### RECORDED INFORMATION
++++++++++
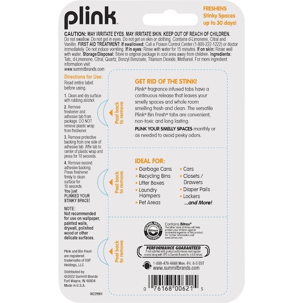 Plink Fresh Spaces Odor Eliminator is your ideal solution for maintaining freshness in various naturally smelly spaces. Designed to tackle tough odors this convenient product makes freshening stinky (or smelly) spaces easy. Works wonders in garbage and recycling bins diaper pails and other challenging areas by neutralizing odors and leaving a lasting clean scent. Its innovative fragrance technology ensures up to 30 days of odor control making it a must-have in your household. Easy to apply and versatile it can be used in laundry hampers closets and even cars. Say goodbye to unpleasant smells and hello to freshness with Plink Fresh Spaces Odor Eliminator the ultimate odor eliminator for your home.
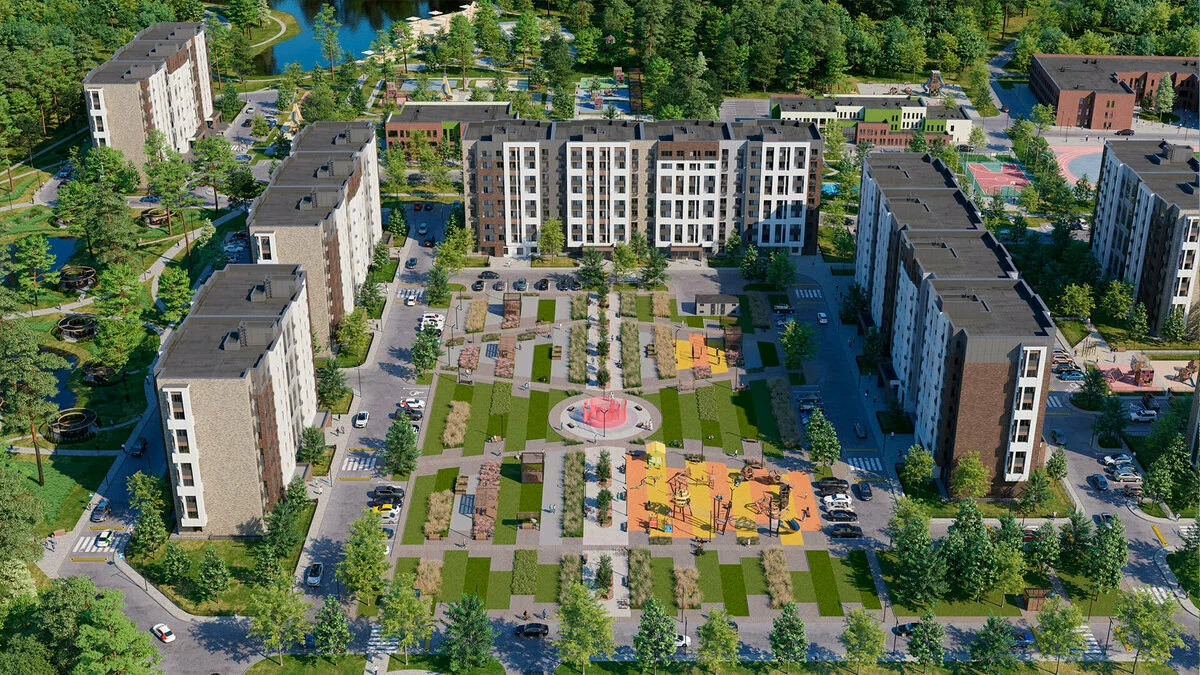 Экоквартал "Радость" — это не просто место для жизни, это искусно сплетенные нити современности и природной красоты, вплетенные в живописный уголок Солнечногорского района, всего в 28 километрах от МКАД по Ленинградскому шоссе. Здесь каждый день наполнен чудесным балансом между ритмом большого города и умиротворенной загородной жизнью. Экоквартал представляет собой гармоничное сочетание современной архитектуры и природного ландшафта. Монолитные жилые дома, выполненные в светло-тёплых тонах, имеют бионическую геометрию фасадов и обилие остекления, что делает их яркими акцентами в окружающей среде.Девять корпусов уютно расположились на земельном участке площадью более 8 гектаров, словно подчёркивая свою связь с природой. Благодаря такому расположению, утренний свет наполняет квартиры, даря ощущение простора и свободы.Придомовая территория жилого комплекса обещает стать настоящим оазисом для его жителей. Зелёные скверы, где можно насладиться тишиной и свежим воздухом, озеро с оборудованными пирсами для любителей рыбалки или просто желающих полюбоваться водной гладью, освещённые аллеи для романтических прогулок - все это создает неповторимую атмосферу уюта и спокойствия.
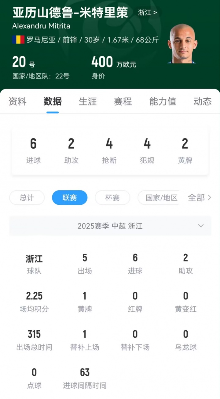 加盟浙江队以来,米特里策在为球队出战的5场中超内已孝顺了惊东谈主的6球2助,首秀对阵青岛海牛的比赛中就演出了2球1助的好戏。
++++++++++
### WORK TO BE COMPLETED
What's needed is a word-for-word retyping of the listing, minus its pictures.

### REPLY TO THE EXERCISE
 Plink Fresh Spaces Odor Eliminator is your ideal solution for maintaining freshness in various naturally smelly spaces. Designed to tackle tough odors this convenient product makes freshening stinky (or smelly) spaces easy. Works wonders in garbage and recycling bins diaper pails and other challenging areas by neutralizing odors and leaving a lasting clean scent. Its innovative fragrance technology ensures up to 30 days of odor control making it a must-have in your household. Easy to apply and versatile it can be used in laundry hampers closets and even cars. Say goodbye to unpleasant smells and hello to freshness with Plink Fresh Spaces Odor Eliminator the ultimate odor eliminator for your home.
 Экоквартал "Радость" — это не просто место для жизни, это искусно сплетенные нити современности и природной красоты, вплетенные в живописный уголок Солнечногорского района, всего в 28 километрах от МКАД по Ленинградскому шоссе. Здесь каждый день наполнен чудесным балансом между ритмом большого города и умиротворенной загородной жизнью. Экоквартал представляет собой гармоничное сочетание современной архитектуры и природного ландшафта. Монолитные жилые дома, выполненные в светло-тёплых тонах, имеют бионическую геометрию фасадов и обилие остекления, что делает их яркими акцентами в окружающей среде.Девять корпусов уютно расположились на земельном участке площадью более 8 гектаров, словно подчёркивая свою связь с природой. Благодаря такому расположению, утренний свет наполняет квартиры, даря ощущение простора и свободы.Придомовая территория жилого комплекса обещает стать настоящим оазисом для его жителей. Зелёные скверы, где можно насладиться тишиной и свежим воздухом, озеро с оборудованными пирсами для любителей рыбалки или просто желающих полюбоваться водной гладью, освещённые аллеи для романтических прогулок - все это создает неповторимую атмосферу уюта и спокойствия.
 加盟浙江队以来,米特里策在为球队出战的5场中超内已孝顺了惊东谈主的6球2助,首秀对阵青岛海牛的比赛中就演出了2球1助的好戏。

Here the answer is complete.